L’ORIGINE DEL MITOCONDRIO: la teoria endosimbiontica Il mitocondrio presenta alcune caratteristiche tipiche dei batteri: la presenza di un DNA circolare a doppia elica, la presenza di ribosomi liberi e una doppia membrana.
INTRODUZIONE
Come i batteri, i mitocondri non hanno proteine istoniche ed i loro ribosomi sono sensibili ad alcuni antibiotici.

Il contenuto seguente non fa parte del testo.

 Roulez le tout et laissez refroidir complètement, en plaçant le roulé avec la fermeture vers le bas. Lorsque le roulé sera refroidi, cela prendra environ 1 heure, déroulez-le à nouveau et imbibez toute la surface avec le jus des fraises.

Inoltre i mitocondri sono organelli semiautonomi in quanto replicano, per scissione binaria, autonomamente rispetto alla cellula. Considerando queste similitudini, la teoria endosimbiontica afferma che i mitocondri deriverebbero da batteri ancestrali, dotati di metabolismo ossidativo, che sarebbero stati inglobati dalle cellule eucariote con conseguente mutuo beneficio. Nel 2011 una ricerca sulle origini delle cellule eucariotiche pubblicata su Nature ha chiarito perché i mitocondri sono stati fondamentali per l’evoluzione della vita complessa (Thrash et al., 2011). La chiave sarebbe racchiusa nel fatto che le cellule eucariotiche devono sintetizzare molte più proteine delle cellule procarioti, e possono farlo solo grazie ai mitocondri, cellule simbiontiche ottimizzate per produrre molta energia e consumarne pochissima. È stato calcolato che questo dà un vantaggio energetico alle cellule eucariote da 3 a 4 ordini di grandezza in più.

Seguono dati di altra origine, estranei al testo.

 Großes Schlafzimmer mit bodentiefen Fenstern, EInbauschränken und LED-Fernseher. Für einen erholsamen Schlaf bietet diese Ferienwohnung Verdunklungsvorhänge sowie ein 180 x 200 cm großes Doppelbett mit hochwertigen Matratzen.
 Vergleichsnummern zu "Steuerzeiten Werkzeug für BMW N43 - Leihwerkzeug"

Il ciclo vitale dei mitocondri
Il ciclo vitale dei mitocondri prevede periodi di fusione e fissione (divisione) (Figura 1). La vita di un mitocondrio è di circa 10 giorni. Dopo un evento di fissione, i mitocondri entrano in una condizione di stato solitario nel quale sono più lunghi di circa ~20-volte rispetto al periodo di fusione (Hales, K.G. 2010). Quando un mitocondrio è vitale, mantiene un potenziale di membrana polarizzato e può fondere con un altro mitocondrio. Tuttavia, se il mitocondrio depolarizza, perde di funzionalità, rimarrà solitario e potrà essere digerito tramite i perossioomi, mentre se ripolarizza potrà essere recuperato. Durante gli eventi di fusione alcune componenti funzionali si possono ridistribuire irregolarmente fra i mitocondri, di conseguenza due mitocondri dissimili possono essere generati dall’evento successivo di fissione. Il meccanismo che è alla base di questa asimmetria metabolica non è chiaro, ma potrebbe facilitare la capacità della cellula di segregare e rimuovere il materiale mitocondriale danneggiato velocemente.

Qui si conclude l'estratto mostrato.